• [Provided records]:

········

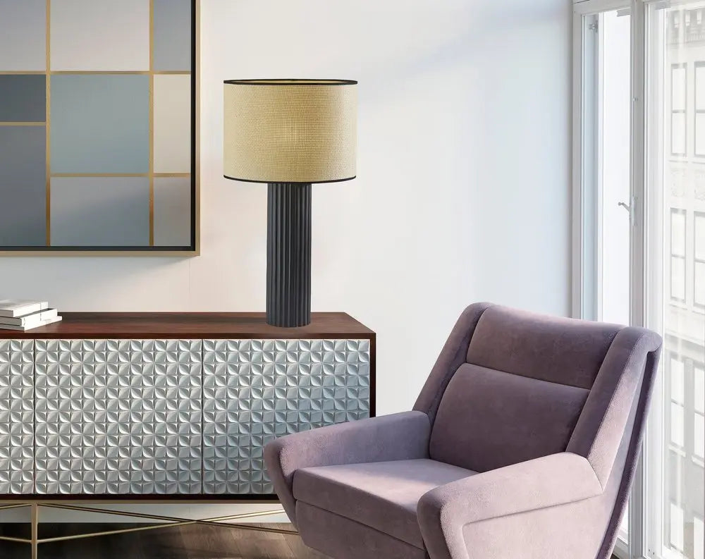 29" Black Ceramic Cylinder Table Lamp With Beige Drum Shade
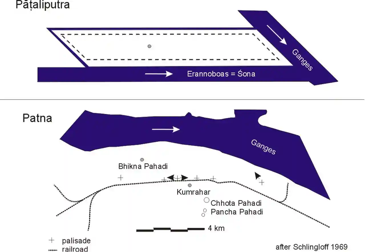 Pataliputra (IAST: ), adjacent to modern-day Patna, was a city in ancient India, originally built by Magadha ruler Ajatashatru in 490 BCE, as a small fort () near the Ganges river.. Udayin laid the foundation of the city of Pataliputra at the confluence of two rivers, the Son and the Ganges. He shifted his capital from Rajgriha to Pataliputra due to the latter's central location in the empire. Read more on Wikipedia
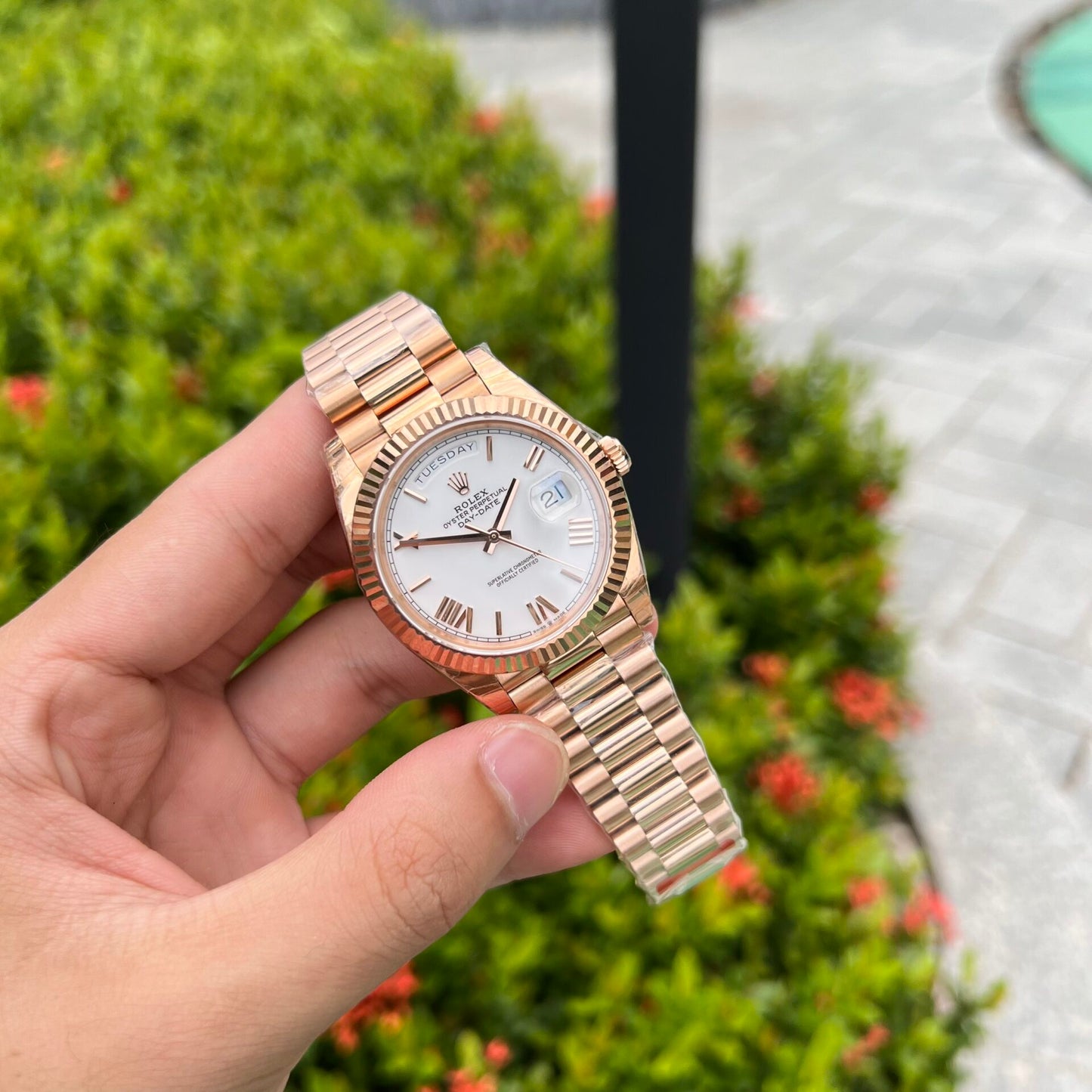 Rolex Day-Date Rose Gold Best Replica Watch White Dial EW Factory 40mm
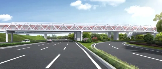 ? ? 跨三環(huán)線慢行橋采用桁架梁結(jié)構(gòu),桁架以“江城鐵運(yùn)”為設(shè)計(jì)概念,以飛馳而過的火車為設(shè)計(jì)意向,形成動(dòng)感而具有生命力的橋梁造型。在桁架之間固定的防拋網(wǎng)中采用連綿起伏的山形鋼條作為裝飾,如火車飛馳經(jīng)過群山,使天橋整體富有故事感。
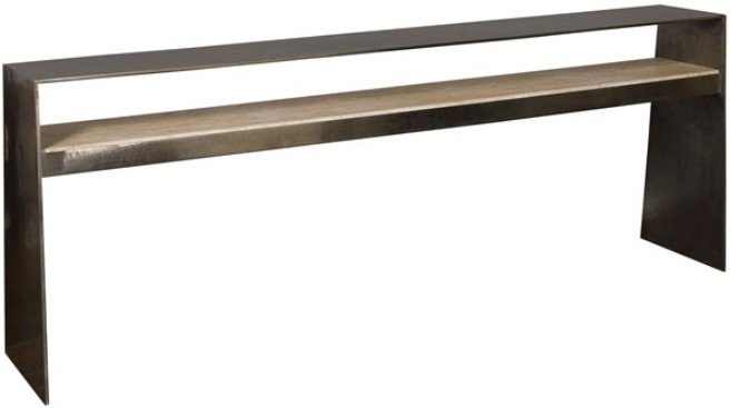 The Vanguard® Furniture Hadley Antique Silver Steel Console epitomizes contemporary elegance. With its sleek steel frame finished in antique silver, this console exudes sophistication and modern charm. The minimalist design is complemented by the subtle sheen, making it a statement piece that seamlessly integrates into any upscale living or dining area.Read More
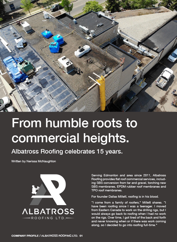 Serving Edmonton and area since 2011, Albatross Roofing provides flat roof commercial services, including SBS conversion from tar and gravel, torching new SBS membranes, EPDM rubber roof membranes and TPO roof membranes.
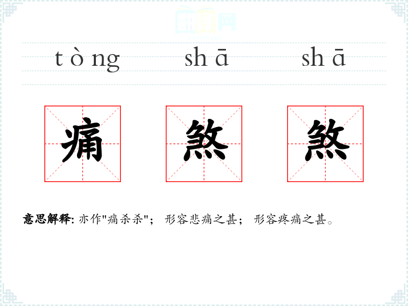 亦作"痛杀杀"; 形容悲痛之甚; 形容疼痛之甚。

········

• [Task to complete]:
Your job is to reproduce the material exactly. Keep pictures out of it.

• [Written reply]:
 29" Black Ceramic Cylinder Table Lamp With Beige Drum Shade
 Pataliputra (IAST: ), adjacent to modern-day Patna, was a city in ancient India, originally built by Magadha ruler Ajatashatru in 490 BCE, as a small fort () near the Ganges river.. Udayin laid the foundation of the city of Pataliputra at the confluence of two rivers, the Son and the Ganges. He shifted his capital from Rajgriha to Pataliputra due to the latter's central location in the empire. Read more on Wikipedia
 Rolex Day-Date Rose Gold Best Replica Watch White Dial EW Factory 40mm
 ? ? 跨三環(huán)線慢行橋采用桁架梁結(jié)構(gòu),桁架以“江城鐵運(yùn)”為設(shè)計(jì)概念,以飛馳而過的火車為設(shè)計(jì)意向,形成動(dòng)感而具有生命力的橋梁造型。在桁架之間固定的防拋網(wǎng)中采用連綿起伏的山形鋼條作為裝飾,如火車飛馳經(jīng)過群山,使天橋整體富有故事感。
 The Vanguard® Furniture Hadley Antique Silver Steel Console epitomizes contemporary elegance. With its sleek steel frame finished in antique silver, this console exudes sophistication and modern charm. The minimalist design is complemented by the subtle sheen, making it a statement piece that seamlessly integrates into any upscale living or dining area.Read More
 Serving Edmonton and area since 2011, Albatross Roofing provides flat roof commercial services, including SBS conversion from tar and gravel, torching new SBS membranes, EPDM rubber roof membranes and TPO roof membranes.
 亦作"痛杀杀"; 形容悲痛之甚; 形容疼痛之甚。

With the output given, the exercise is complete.